Problem statement: Retype the listing exactly, minus its pictures.

Material for this task:

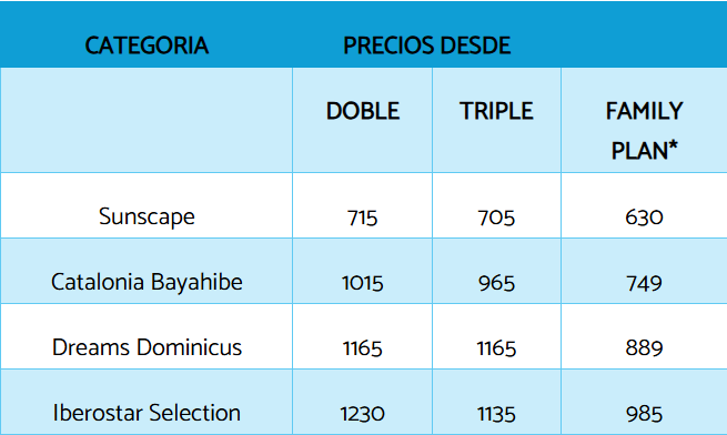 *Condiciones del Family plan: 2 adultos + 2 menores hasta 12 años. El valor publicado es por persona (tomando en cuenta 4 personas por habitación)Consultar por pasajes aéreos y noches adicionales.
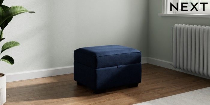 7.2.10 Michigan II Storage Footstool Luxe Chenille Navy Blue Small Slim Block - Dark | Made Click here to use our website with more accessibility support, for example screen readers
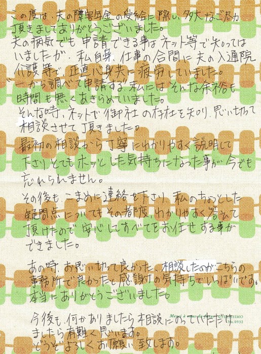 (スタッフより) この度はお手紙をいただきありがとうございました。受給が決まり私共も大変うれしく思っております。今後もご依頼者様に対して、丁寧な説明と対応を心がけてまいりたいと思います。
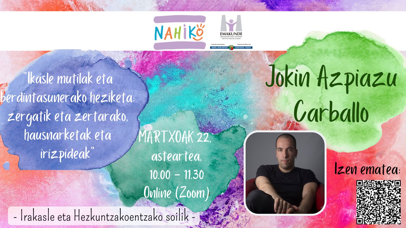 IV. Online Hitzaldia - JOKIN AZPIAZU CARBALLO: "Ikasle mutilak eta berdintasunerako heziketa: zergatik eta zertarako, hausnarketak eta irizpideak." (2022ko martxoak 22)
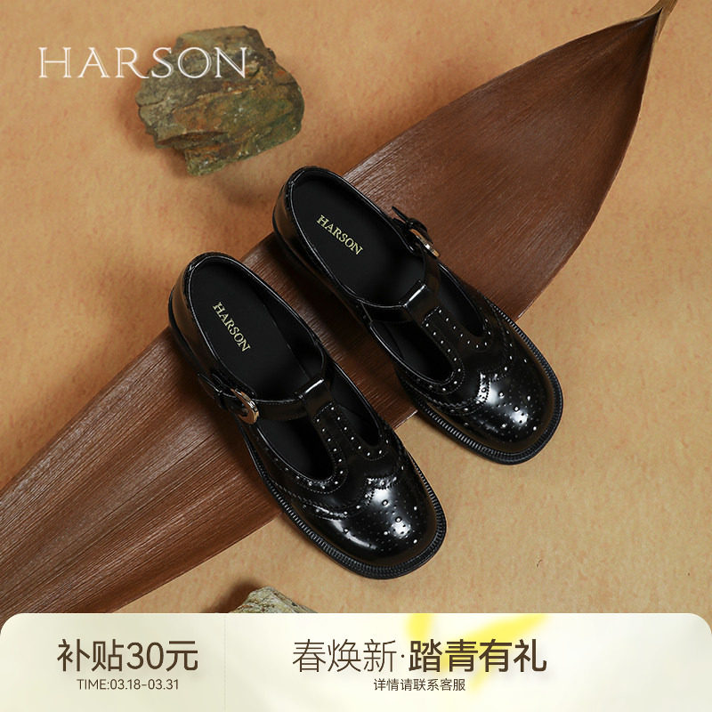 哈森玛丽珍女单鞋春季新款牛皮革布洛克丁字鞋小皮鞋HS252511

Answer:
 *Condiciones del Family plan: 2 adultos + 2 menores hasta 12 años. El valor publicado es por persona (tomando en cuenta 4 personas por habitación)Consultar por pasajes aéreos y noches adicionales.
 7.2.10 Michigan II Storage Footstool Luxe Chenille Navy Blue Small Slim Block - Dark | Made Click here to use our website with more accessibility support, for example screen readers
 (スタッフより) この度はお手紙をいただきありがとうございました。受給が決まり私共も大変うれしく思っております。今後もご依頼者様に対して、丁寧な説明と対応を心がけてまいりたいと思います。
 IV. Online Hitzaldia - JOKIN AZPIAZU CARBALLO: "Ikasle mutilak eta berdintasunerako heziketa: zergatik eta zertarako, hausnarketak eta irizpideak." (2022ko martxoak 22)
 哈森玛丽珍女单鞋春季新款牛皮革布洛克丁字鞋小皮鞋HS252511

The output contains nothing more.